MetaMask / eth-phishing-detect

Utility for detecting phishing domains targeting Web3 users
Other
1.1k stars 955 forks source link

Hosts file #631

Closed fjcrabiffosse closed 6 years ago

fjcrabiffosse commented 6 years ago

The whitelist and blacklist you maintain is very useful but is maintained in a format that doesn't allow its reusability with other extensions. I think it would be very beneficial for the community if you could provide the blacklist file using also a typical HOSTS.txt file format (e.g. http://winhelp2002.mvps.org/hosts.txt). That way the list could be integrated in other extensions (e.g. uMatrix) or blocked at OS level.

I could prepare a quick and dirty script to export your JSON file to said format but the interesting part would be if the list is actively maintained and updated with your new additions.

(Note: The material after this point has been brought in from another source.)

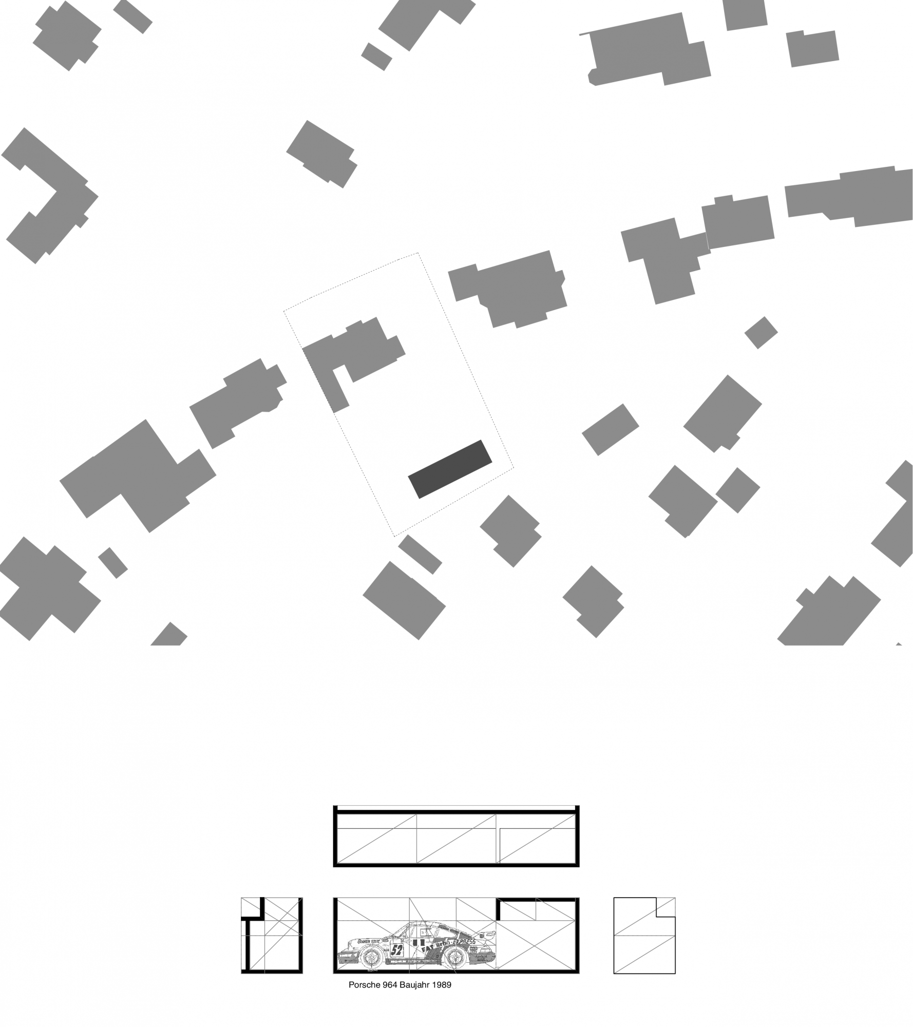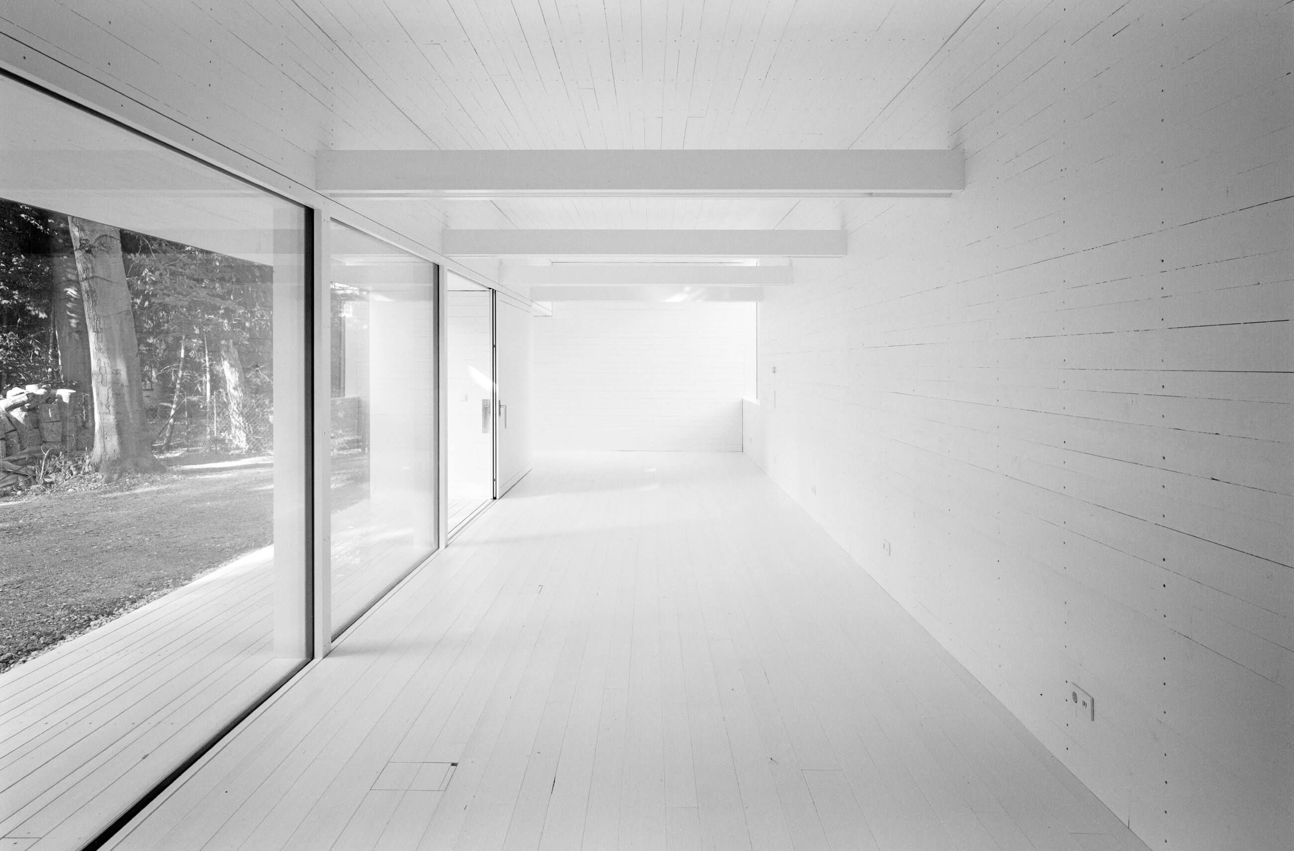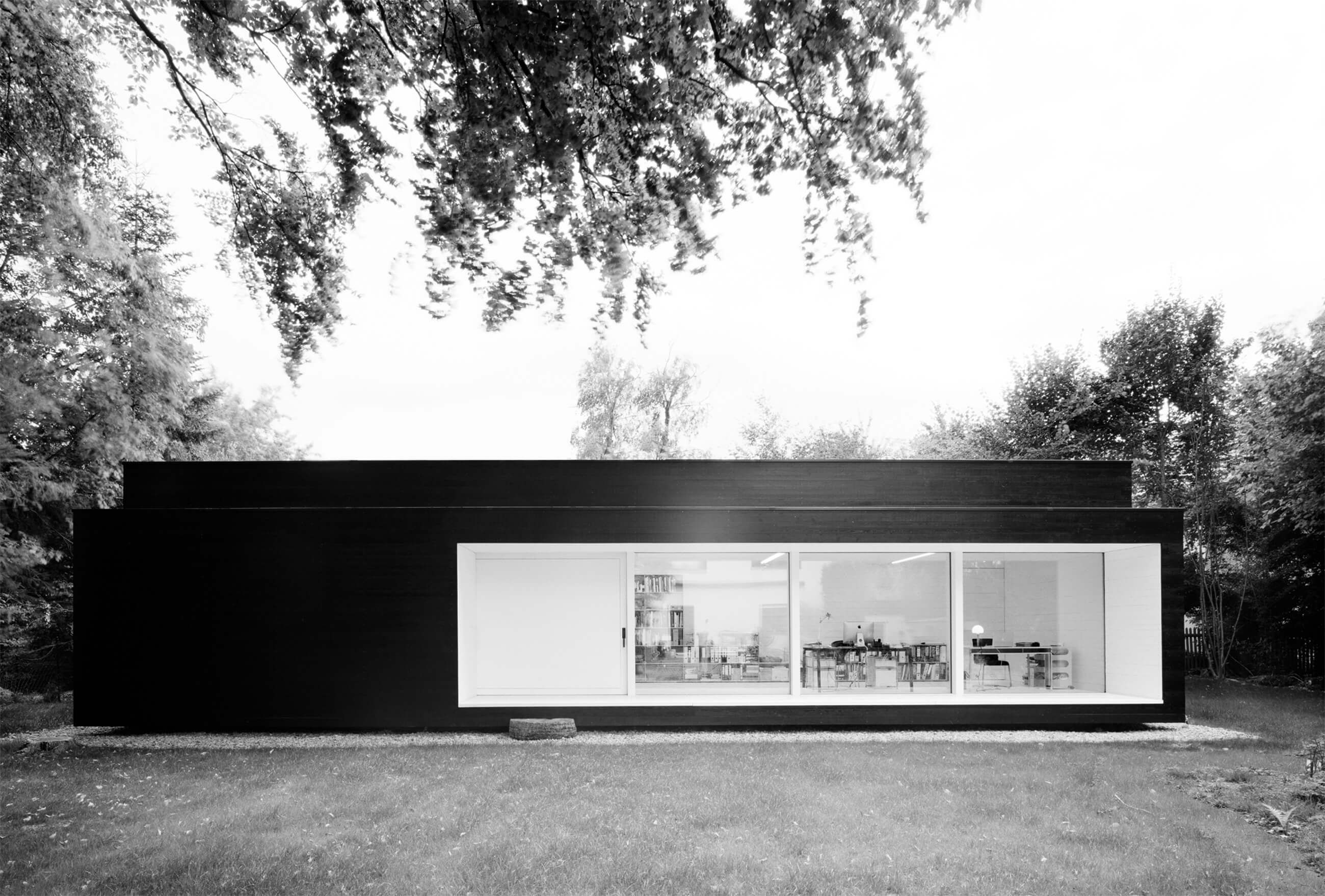 Das Atelier des Fotografen fasst das Grundstück am südlichen Rand und spannt zwischen sich und dem Bestandshaus den Raum des Privatgartens auf. Das Atelier liegt sanft, fast schwebend auf dem Rasen, konzipiert als struktureller Holzbau. Charakteristisch für den Baukörper ist das Thema Schwarz/Weiß, in Analogie zur Fotografie. Dieses zeigt sich in der Gestaltung der Oberflächen: außen schwarz und innen ganz in Weiß. Der dadurch in seiner Haltung extrovertierte Arbeitsraum thematisiert das Vis-a-vis zwischen Alt und Neu. Ein Proportionsschema liegt allem zugrunde, es schafft Harmonie im Auge des Betrachters. Die differenzierten Höhen folgen der inneren Nutzung und Funktion: Der überdachte Vorbereich und die Abstellzone sind niedriger als der Arbeitsraum.

Do you find this idea interesting?

Thanks!

409H commented 6 years ago

Hi @fjcrabiffosse - sure if you could write a script to convert our format into a typical hosts file, we can then put it in the CI to rebuild on every PR.

fjcrabiffosse commented 6 years ago

Hi @409H

The following python script should do.

import json

def metamask2json(input_file_path, output_file_path):
    """
    Parses the metamask config.json and outputs the list of blacklisted domains in a hosts file format.
    :param input_file: A json file containing a 'blacklist' key with a list of blacklisted domains.
    :return: Writes to the output_file_path the blacklisted domains using a hosts file format.
    """
    with open(input_file_path) as json_file:
        domains = json.load(json_file)
    blacklist = domains['blacklist']
    hosts_list = [('127.0.0.1' + ' ' + 'localhost' + '\n')] + ['0.0.0.0' + ' ' + blacklisted + '\n' for blacklisted in blacklist]

    with open(output_file_path, 'w') as hosts_file:
        hosts_file.writelines(hosts_list)

if __name__ == '__main__':
    metamask2json('./config.json', './hosts.txt')

Let me know if you would like any changes.

409H commented 6 years ago

Nice! I'll see if I can get this out of the door by Monday (January 15) - I'll keep this issue open until it's done.

fjcrabiffosse commented 6 years ago

Thanks! You are doing an awesome job for the community, happy to help.

409H commented 6 years ago

@fjcrabiffosse Hi, sorry, I was busy all weekend. Will bump it up the priority list for this week, apologies.

fjcrabiffosse commented 6 years ago

Hi!

I understand this is a low priority thing, so don't feel much rush for it. Did you encounter any problems adding the script to the CI pipeline? I think providing your blacklist in other formats is still valuable to the community but if you don't want to integrate this export in your CI maybe we can think of other ways of supporting it. Any ideas? Best regards!

409H commented 6 years ago

Hi @fjcrabiffosse - sorry for the delay, I'm bumping this up the priority list.

409H commented 6 years ago

@fjcrabiffosse I've committed an up-to-date version of the hosts file (https://github.com/MetaMask/eth-phishing-detect/blob/master/src/hosts.txt) as a .txt file so you can pull down and parse.

This will get the ball rolling and I've made a note to put it into the CI or work on some automation for this.

Sometimes I'm not around my dev environment so I can't run the python script manually, but will run it once a day until I can automate this.

fjcrabiffosse commented 6 years ago

Awesome!

Here is a snippet of uMatrix using your malware list.

409H commented 6 years ago

@fjcrabiffosse Awesome!

Steven Black (in this issue for a similar list I maintain - https://github.com/409H/EtherAddressLookup/issues/203) is consuming and putting into a hosts file on his repo - https://github.com/StevenBlack/hosts/blob/master/readme.md

Perhaps we could open a communication channel with the both of you and discuss things further?

fjcrabiffosse commented 6 years ago

Sorry for the delay, was a bit busy these past days. Steven Black's aggregated hosts files are incredibly useful, I use them myself. Adding the eth phising list to them would be great as it could help protect a much wider user base. I would be happy to collaborate in any way I can help.

kumavis commented 6 years ago

@fjcrabiffosse glad you find the list useful, tho i suggest that whatever tool is updating the list and setting the hosts file should do the conversion from json to hosts.txt format

it doesnt really make sense for us to store and maintain a list in 2 formats

trn1ty commented 2 years ago

@fjcrabiffosse Is there a license on the Python code you shared?

fjcrabiffosse commented 2 years ago

@fjcrabiffosse Is there a license on the Python code you shared?

BSD 3-clause license. Should give you plenty of freedom to do whatever you need to do.

trn1ty commented 2 years ago

Awesome, thanks very much! Was pessimistic about getting a response.